According to Google, the microphones were not previously switched on, and still require users to enable them.
Individually Targeted Political Campaigns
Since the whole “Russiagate” controversy gained traction, we’ve been told that “Russian bots” could be interfering in practically every election and political event that has taken place. But what if these meddling bots aren’t targeting your online political activity as much as, well, politicians? Tony Evers (D), who took up the mantle as governor of Wisconsin in January, spent his campaign collecting data and using it to push political ads. According to a report by the Los Angeles Times, Evers’ team used an “electronic fence” to capture the phone data (including unique device ID numbers) of guests in attendance at a state Democratic Party meeting. This data was used to “follow the devices home,” where the team could gather more information from other technology the phones connected to, including laptops, computers etc. They then used the personal information obtained to create profiles and “micro-target” campaign ads based on individual preferences.

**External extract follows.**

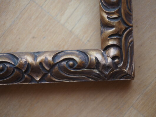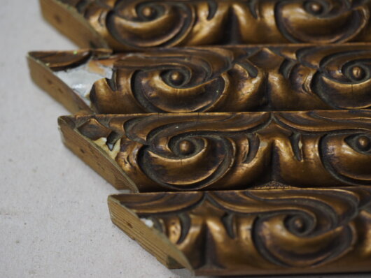 Zum erneuten Aufbau der Profile werden in unbeschädigten Bereichen Silicon-Abdrücke genommen und aus Gips Positive hergestellt. Nach Austrocknung können diese dann in die größeren Defektbereiche eingepasst werden. Bei den vielen kleinen Abplatzungen ist die Rekonstruktion mit Gips nicht erfolgversprechend, so dass hier mit lufttrocknender Modelliermasse gearbeitet wird. Hiermit lassen sich die kleineren Profildefekte in guter Festigkeit rekonstruieren. Die Bilderrahmenseiten werden verleimt und mit einer Klammer rückseitig gesichert (nicht historisch korrekt). Die Eckbereiche können jetzt mit Modelliermasse weiter angepasst werden.

Evers is by no means the only political actor to gather personal data in order to target campaign ads. “If I want all the devices that were at a hearing at City Hall three months ago, I can do that,” Rory McShane, a GOP consultant, told the LA Times. “Then I can target them with ads.” He added, “If we are sending out a piece of fundraising mail, we will fence the homes where it is being sent for an entire week before.”
During the 2016 elections, smart-televisions were used to collect user information, which was then sold to campaigns that could design targeted ads according to a household’s viewing habits – what will 2020 hold? Political pressure or lobby groups are also able to buy this information to target individuals; an anti-abortion group built digital “fences” to track people who had visited abortion clinics and target them with ads to persuade them not to terminate their pregnancies. The organization was legally forced to stop the practice in 2017, but what other lobbyists could be manipulating unsuspecting members of the public with similar methods?

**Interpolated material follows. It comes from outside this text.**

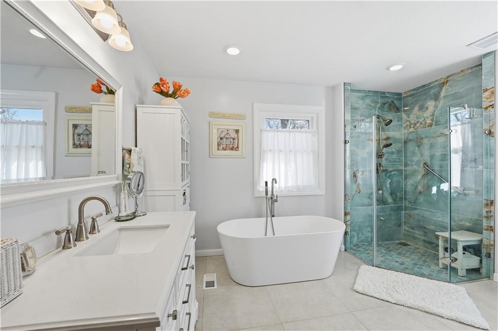 PRICED TO SELL! Step into your own beach-inspired oasis in Leavenworth, KS. This cheerful yellow and blue home offers a light, coastal feel paired with thoughtful updates throughout. The remodeled 2-bedroom, 1.5-bath layout includes a spa-like primary suite featuring a stunning tile shower, standalone soaking tub, large vanity, tile floors, and a walk-in closet, your personal retreat at the end of the day. The living room is filled with natural light from a large picture window overlooking the backyard and peaceful creek beyond. The updated kitchen boasts a modern design with an island, generous counter space, and plenty of room for cooking. A second main-level bedroom is currently being used as an additional dining space, offering flexibility to suit your lifestyle. Downstairs, you’ll find an open, insulated basement that’s already being used as a living area and is ready for a new owner to add finishing touches. Unique dual garage access includes one garage on the main level and another at the basement level- perfect for storage, hobbies, or extra parking.

A team of computer scientists at UC Berkeley attempted to discover which political campaigns or lobby groups are buying personal data, but without success.
The word “smart” has such good connotations, it’s hard to resist – anything smart must be sure to help us in our daily struggles to get through life unscathed, but it seems that any household object with that word in its name has spying capabilities as well. If it’s smart enough to make your life more convenient, it’s also smart enough to track your choices and pass that information on for further use. Some may feel the trade-off is worth it, some that their devices are too valuable in their daily lives, while others remain convinced that they are not so easily manipulated. Each individual is responsible for finding the balance with which they are comfortable – but one piece of advice is simply to consider carefully every piece of “smart” technology you bring into your home.